Abstract
Earth’s internal heat drives its dynamic engine, causing mantle
convection, plate tectonics, and the geodynamo. These renewing and
protective processes, which make Earth habitable, are fueled by a
primordial (kinetic) and radiogenic heat. For the past two decades,
particle physicists have measured the flux of geoneutrinos, electron
antineutrinos emitted during β − decay. These ghost-like particles
provide a direct measure of the amount of heat producing elements (HPE:
Th & U) in the Earth and in turn define the planet’s absolute
concentration of the refractory elements. The geoneutrino flux has
contributions from the lithosphere and mantle. Detector sensitivity
follows a 1/r 2 (source detector separation distance) dependence.
Accordingly, an accurate geologic model of the Near-Field Lithosphere
(NFL, closest 500 km) surrounding each experiment is required to define
the mantle’s contribution. Because of its proximity to the detector and
enrichment in HPEs, the local lithosphere contributes ∼50% of the
signal and has the greatest effect on interpreting the mantle’s signal.
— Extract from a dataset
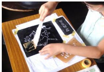
慎重に糊をのせます

最後は染めて仕上げ。手も青くしながら、きれいに染まるまで頑張りました。迎えに来た家族に、作った様子を説明しながら作品を見せ、満足そうでした。今回の体験を通じて、ものづくりの魅力を感じてもらえればと思います。(早川純彦)

We re-analyzed the upper crustal compositional model used by Agostini et
al. (2020) for the Borexino experiment. We documented the geology of the
western Near-Field region as rich in potassic volcanism, including some
centers within 50 km of the detector. In contrast, the Agostini study
did not include these lithologies and used only a HPE-poor,
carbonate-rich, model for upper crustal rocks in the surrounding ∼150 km
of the Borexino experiment. Consequently, we report 3× higher U content
for the local upper crust, which produces a 200% decrease in Earth’s
radiogenic heat budget, when compared to their study. Results from the
KamLAND and Borexino geoneutrino experiments are at odds with one
another and predict mantle compositional heterogeneity that is
untenable. Combined analyses of the KamLAND and Borexino experiments
using our revised local models strongly favor an Earth with ∼20 TW
present-day total radiogenic power. The next generation of geoneutrino
detectors (SNO+, counting; and JUNO, under construction) will better
constrain the HPE budget of the Earth.